(SOURCE INFORMATION begins)
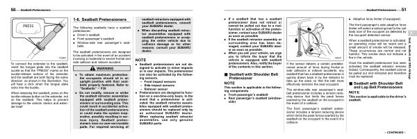 . If a seatbelt that has a seatbelt pretensioner does not retract or cannot be pulled out due to a malfunction or activation of the pretensioner , contact your SUBARU dealer as soon as possible .
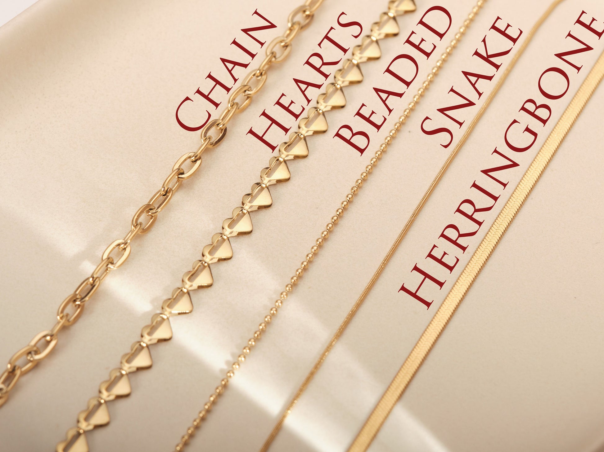 Gold Pave Hearts Anklet, Gold Anklets, Gold Snake Chain Anklet, Gold Herringbone Anklet, Link Chain Anklet, Beads Anklet, WATERPROOF Anklet
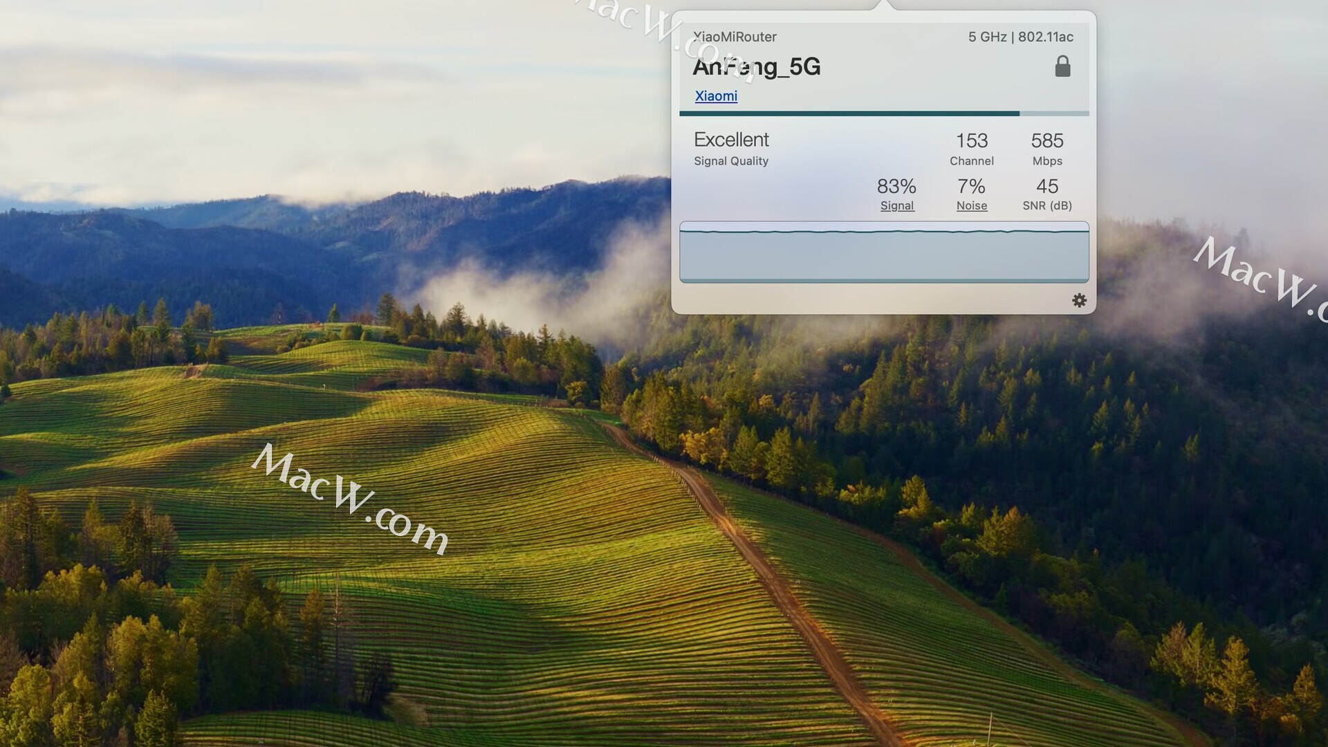 WiFi Signal Mac版是一款位于系统菜单栏wifi信号管理工具,可以轻松访问您的Wi-Fi连接的详细信息(名称,频道,传输速率,信号强度,噪声等),监控您的无线网络的信号质量,并能找到和建议为您的网络的替代渠道,从而避免信号重叠,渠道冲突。测试环境:MacOS 13.5
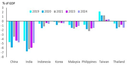 By 2024—apart from China and India—budget deficits across the region were considerably smaller than in the United States or the euro area. Deficits were under 1% of GDP in Indonesia and Korea, and around 1.5% in the Philippines, Thailand and Malaysia, while Taiwan has maintained a fiscal surplus since at least 2019 (Figure 2).
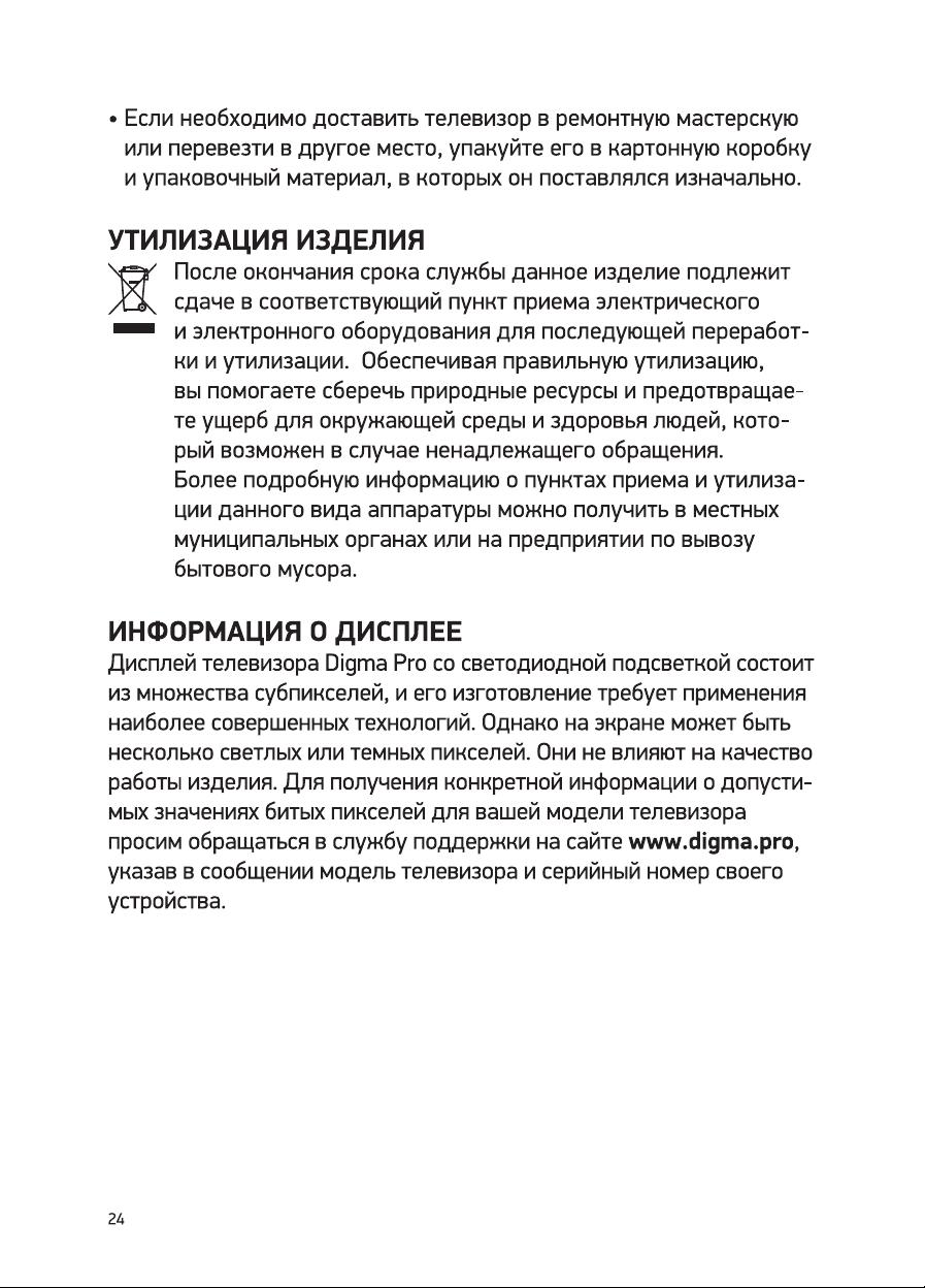 Данная инструкция на русском языке предназначена для телевизора Digma Pro QLED 65L, описывает принцип работы и основные моменты эксплуатации устройства. Перед первым включением рекомендуется внимательно изучить данное руководство.
(SOURCE INFORMATION ends)
Only the lines from the one containing "By 2024—apart from" through the last line of the entries above should be copied, exactly as they are and without the pictures.

## EXPECTED ANSWER
 By 2024—apart from China and India—budget deficits across the region were considerably smaller than in the United States or the euro area. Deficits were under 1% of GDP in Indonesia and Korea, and around 1.5% in the Philippines, Thailand and Malaysia, while Taiwan has maintained a fiscal surplus since at least 2019 (Figure 2).
 Данная инструкция на русском языке предназначена для телевизора Digma Pro QLED 65L, описывает принцип работы и основные моменты эксплуатации устройства. Перед первым включением рекомендуется внимательно изучить данное руководство.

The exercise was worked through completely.